WHAT YOU SHOULD DO> Write the listing out again exactly as it stands, with no images.
::: INFORMATION PROVIDED :::
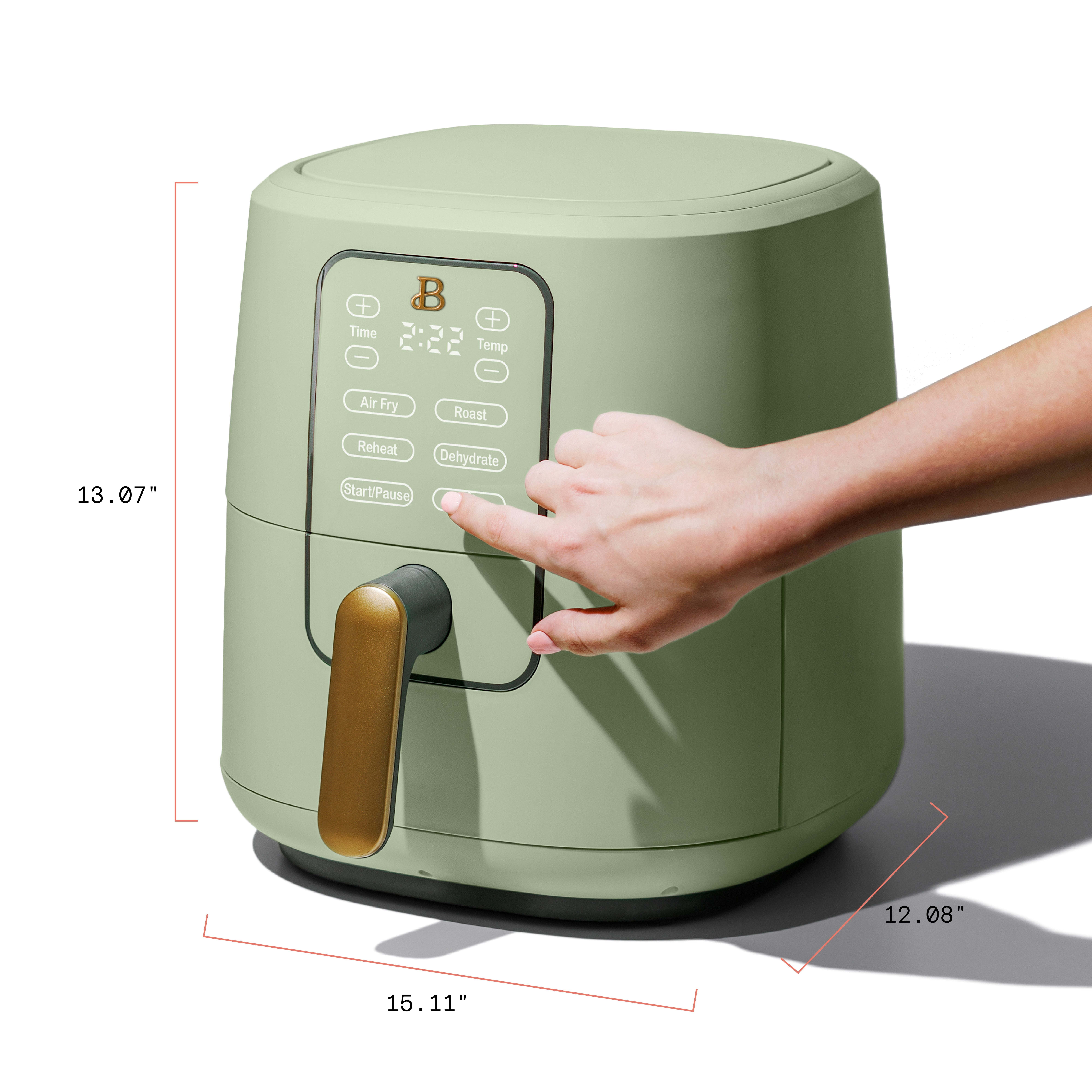 Our signature touch-activated display illuminates only when you need it. No dials, buttons or knobs.Powerful 1700w system with stainless steel provides faster heat-up and cool-down times.High Performance Circular Heat Technology and nonstick crisping tray promote fast, crispy, evenly-cooked meals.Large 5lb (2lb French fry) food capacity is ideal for chicken wings, small roast chickens, pastries, burgers and more.Air fried favorites have 88% less fat and 65% fewer calories than restaurant-fried foods.60-minute automatic shut-off function adds safety and peace of mind.Removable crisping tray and pan are dishwasher safe and PFOA/PFOS-free for fast and easy clean-up.
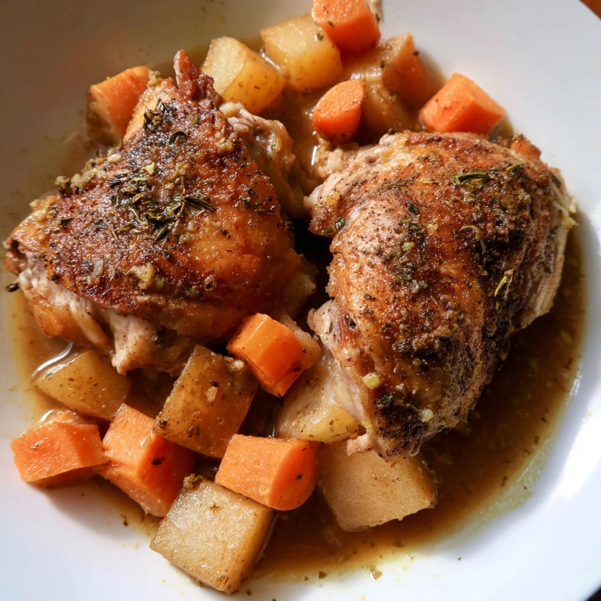 This comforting chicken dinner features tender thighs slow-cooked with root vegetables like carrots, potatoes, onions, and celery. The herb-infused sauce combines thyme, rosemary, and paprika for rich flavor. Simply season the meat, brown it if you prefer deeper taste, then layer everything in your slow cooker with chicken broth. Six hours later, enjoy fork-tender chicken and perfectly cooked vegetables. Optional white wine adds richness, while fresh parsley brightens the final dish.
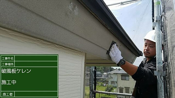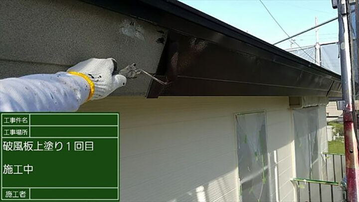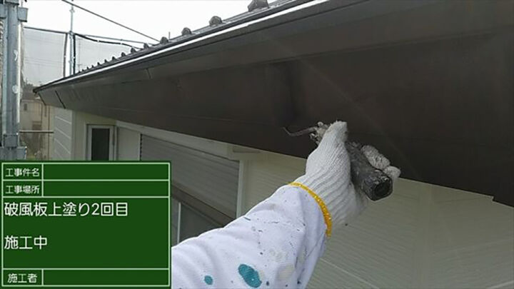 破風板上塗り2回目の様子です。
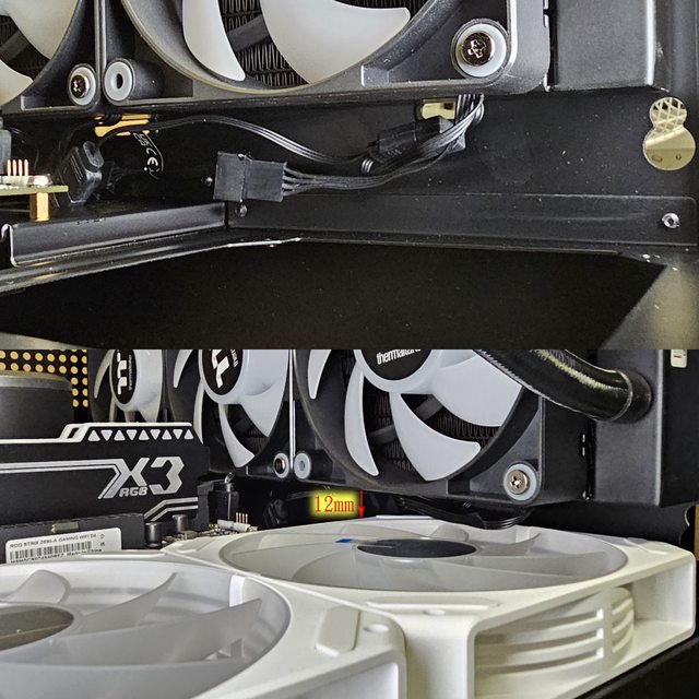 ▼風扇配置二:右側前方3個JONSBO ZG-120魔組扇進氣,上方Thermaltake TH360 V2
:::
TASK OUTPUT>
 Our signature touch-activated display illuminates only when you need it. No dials, buttons or knobs.Powerful 1700w system with stainless steel provides faster heat-up and cool-down times.High Performance Circular Heat Technology and nonstick crisping tray promote fast, crispy, evenly-cooked meals.Large 5lb (2lb French fry) food capacity is ideal for chicken wings, small roast chickens, pastries, burgers and more.Air fried favorites have 88% less fat and 65% fewer calories than restaurant-fried foods.60-minute automatic shut-off function adds safety and peace of mind.Removable crisping tray and pan are dishwasher safe and PFOA/PFOS-free for fast and easy clean-up.
 This comforting chicken dinner features tender thighs slow-cooked with root vegetables like carrots, potatoes, onions, and celery. The herb-infused sauce combines thyme, rosemary, and paprika for rich flavor. Simply season the meat, brown it if you prefer deeper taste, then layer everything in your slow cooker with chicken broth. Six hours later, enjoy fork-tender chicken and perfectly cooked vegetables. Optional white wine adds richness, while fresh parsley brightens the final dish.
 破風板上塗り2回目の様子です。
 ▼風扇配置二:右側前方3個JONSBO ZG-120魔組扇進氣,上方Thermaltake TH360 V2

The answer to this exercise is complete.